More detail about what each Runner provides to the policy are specified in the collect_data method of
each Runner. 


### Creating a new Policy
1. Duplicate the prototype_policy folder in policies/, renaming it to something distinctive to your new policy.
2. Rename all other instances of the word "prototype" in filenames, class names, and imports in your new directory.
3. Your X_policy_config.py file contains all configurations that will automatically be accepted as command line 
arguments or config file parameters, provided you follow the pattern provided (add a new instance variable, and an 
entry in _load_dict_internal that populates the variable from a provided dictionary).
4. Your X_policy.py file contains the meat of your implementation. What each method requires is described fully in 
policy_base.py
5. Your X_info_to_store.py file contains any data you want stored from your compute_action, to be passed to your 
train step. This object contains one timestep's worth of data, and its .reward and .done will be populated by
the environment_runner you select in your X_policy.py file.
6. Create unit tests in tests/policies/X_policy (highly encouraged as much as possible)
7. Add a new entry to available_policies.py

### Create a new Task
If you want to run an experiment with tasks that cannot be handled with the existing TaskBase subclasses,
simply implement a subclass of TaskBase according to the methods defined therein, using the 
existing tasks as a guide.

Create unit tests in tests/experiments/tasks/X_task.py

Add a new entry to experiment_specs.py with any experiments using your new task.

### Further customization
New experiments can be defined in experiment_specs.py. 

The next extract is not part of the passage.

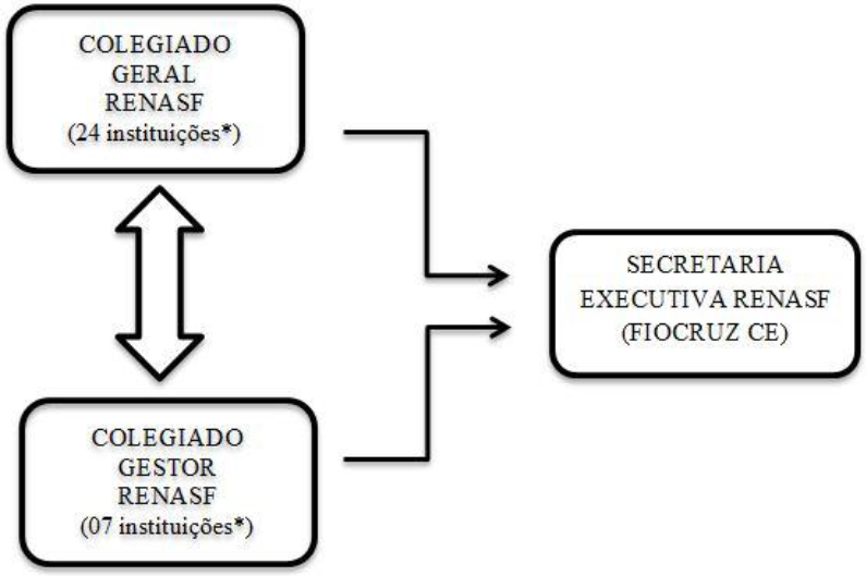 Com todas essas possibilidades de formação, os representantes das instituições da RENASF reuniram-se em março de 2015 para deliberar sobre a temática. Nesta ocasião, a proposta da Fiocruz foi aceita por unanimidade e a primeira composição do colegiado gestor da rede foi eleita, ficando composta por representantes da Fiocruz, Universidade Federal do Rio Grande do Norte (UFRN), Universidade Regional do Cariri (URCA), Escola de Formação em Saúde da Família Visconde de Sabóia (EFSFVS), Universidade do Vale do São Francisco (UNIVASF), Universidade Federal do Piauí (UFPI) e Conselho dos Secretários Municipais de Saúde (COSEMS) do Ceará. Neste mesma reunião, o regimento da RENASF foi aprovado com a incorporação do novo formato de governança da rede.

If you need environments run in a particular way, subclass environment_runner_base.py.

If there's anything you want to customize that does not seem possible, or overly challenging, feel free to file an issue 
in the issue tracker and I'll look as soon as possible.

This repository uses pytest for tests. Please write tests wherever possible, in the appropriate folder in tests/.


### Contributing to the repository
Yes, please do! Pull requests encouraged. Please run pytest on the repository before submitting.